Keluar kamar, yang dilihat pertama kali adalah Bayu yang sedang duduk merokok di kursi panjang, sementara segelas kopi yang tinggal setengah gelas tersanding di meja kecil di sebelahnya.
"Mas Bayu...? Kok, dia di sini?" Gumamnya heran. Serta merta otaknya bekerja. Menoleh ke seputar ruangan, hingga dari pintu ke ruang belakang, Yunia melihat beberapa ibu tetangga sedang sibuk meracik sesuatu sambil bercakap-cakap pelan. "Kok, rame banget?" Pikirannya. Berpikir... berpikir....
"Bapak!" Serunya tiba-tiba setengah berteriak, saat otaknya berhasil menyambung ke kotak memori. Seketika Yunia berlari ke ruang depan, di mana jenasah bapak masih terbaring menunggu untuk dikebumikan.
Seruannya berhasil mengejutkan orang-orang yang ada di rumah saat itu. Segera saja Bayu, paman, Wisnu dan Pak Winoto yang kebetulan sedang duduk-duduk di sekitar situ mendekat. Disusul oleh Bik Sumi dan Bu Winoto yang berjalan setengah berlari dari arah belakang, yang lain hanya menatap dan memperhatikan Yunia dari tempat mereka semula.

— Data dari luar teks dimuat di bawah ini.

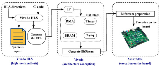 Figure 12. Integration of our proposal to Xilinx Design flow: HLS directive adaptation, C-code generated by our tool proposal, adaptation with the architecture option (BRAM, DMA).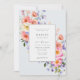 Elegant Garden shower invitation features colourful bouquets of pink and purple florals. Personalise with your information or click "Click to customise further" to edit font styles, size and colours.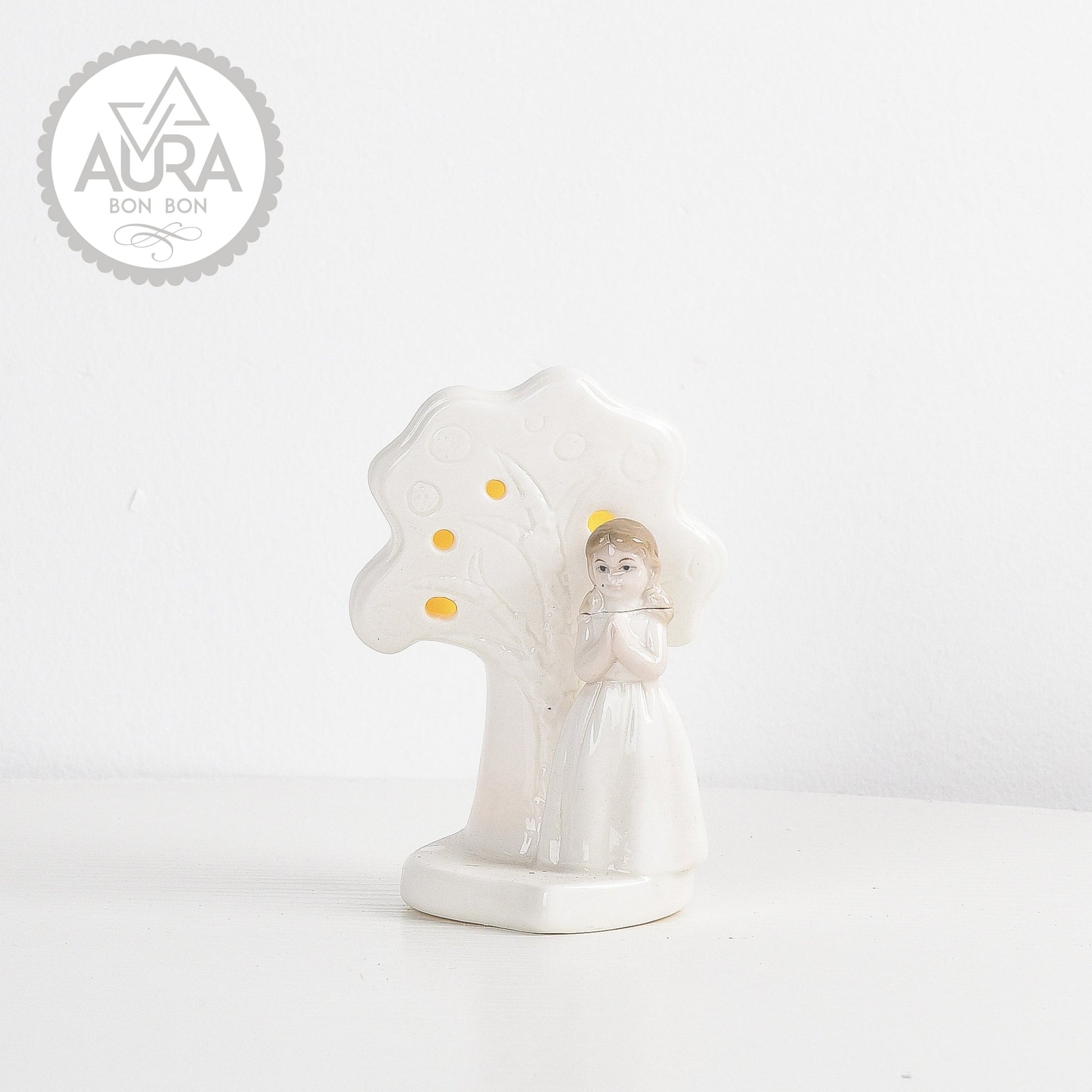 Albero della Vita in ceramica con dolce figurina di bambina, simbolo di fede, crescita e nuovi inizi. Una bomboniera elegante e significativa per la Prima Comunione, perfetta per lasciare un ricordo speciale di un giorno indimenticabile. Ideale anche come decorazione ricca di valore simbolico.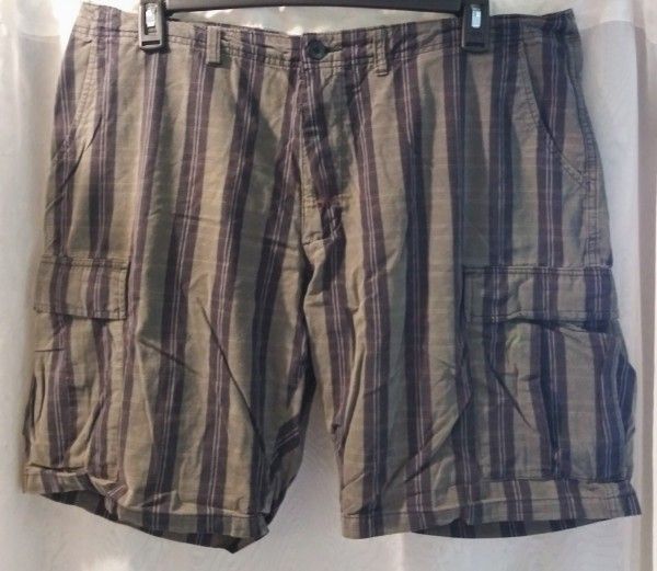 Patagonia Cargo Shorts sz 40. Navy blue & dark gray striped pattern. Hand pockets, flap over button closure on back pockets & cargo pockets, button closure, zipper fly. Waist measures 40", 10" inseam, 20" long (waist to hem). Nice condition, 100% organic cotton. Waterford p/u, no holds, poos.

"Yun... istighfar...." Bujuk Bik Sumi sambil merangkul pundak Yunia yang sudah berlutut di samping jenasah bapak sambil menangis terisak.
"Aku kira, semua ini cuma mimpi buruk... tapi ini.... bapak... bapak..." Adu Yunia pada Bik Sumi sambil memeluknya erat.
"Sabar, nduk... Relakan bapakmu... insya Allah, bapakmu Khusnul khatimah..." Ujar Bu Winoto sambil memeluk Yunia.
"Dulu ibu pergi.... sekarang bapak ikutan pergi... lalu aku sama siapa?" Ujar Yunia lagi masih sambil menangis.
"Kamu masih punya kami... Kami keluargamu sekarang..." Sahut pak Winoto, membuat Yunia menoleh ke arahnya. Ucapan pak Winoto membawa Yunia pada realita lain... Wisnu...! Tanpa sadar, matanya mencari Wisnu.
Itu dia! Berdiri agak di belakang ayahnya, sedang menatap Yunia penuh khawatir. Sesaat mereka berdua saling tatap. Hingga Bayu memdehem mengingatkan.
"Ehem... Ehem..."
Refleks mata Yunia mengarahkan pada Bayu. tapi setengah detik kemudian langsung membuang muka karena malu. Sementara Wisnu langsung mengibas pundak Bayu kesal. Yang dikibas tertawa ditahan, sementara yang lain hanya geleng-geleng kepala melihat kelakuan mereka.
"Yunia sudah sholat?" Tanya ibu Winoto mengingatkan. Yunia menggeleng.
"Belum, Bu." Katanya sambil bangkit dari lantai.
"Ayo, sholat dulu... doakan ibu dan bapakmu..." Perintah Bik Sumi. Kali ini Yunia mengangguk lalu melangkah ke ruang belakang untuk berwudhu.
__ADS_1
🍃🍃🍃
Prosesi pemakaman bapak berjalan lancar. Paman dan bibi mewakili Yunia menjadi tuan rumah, menyiapkan segala sesuatu yang diperlukan untuk prosesi, serta menyambut tamu yang datang untuk menyampaikan belasungkawa.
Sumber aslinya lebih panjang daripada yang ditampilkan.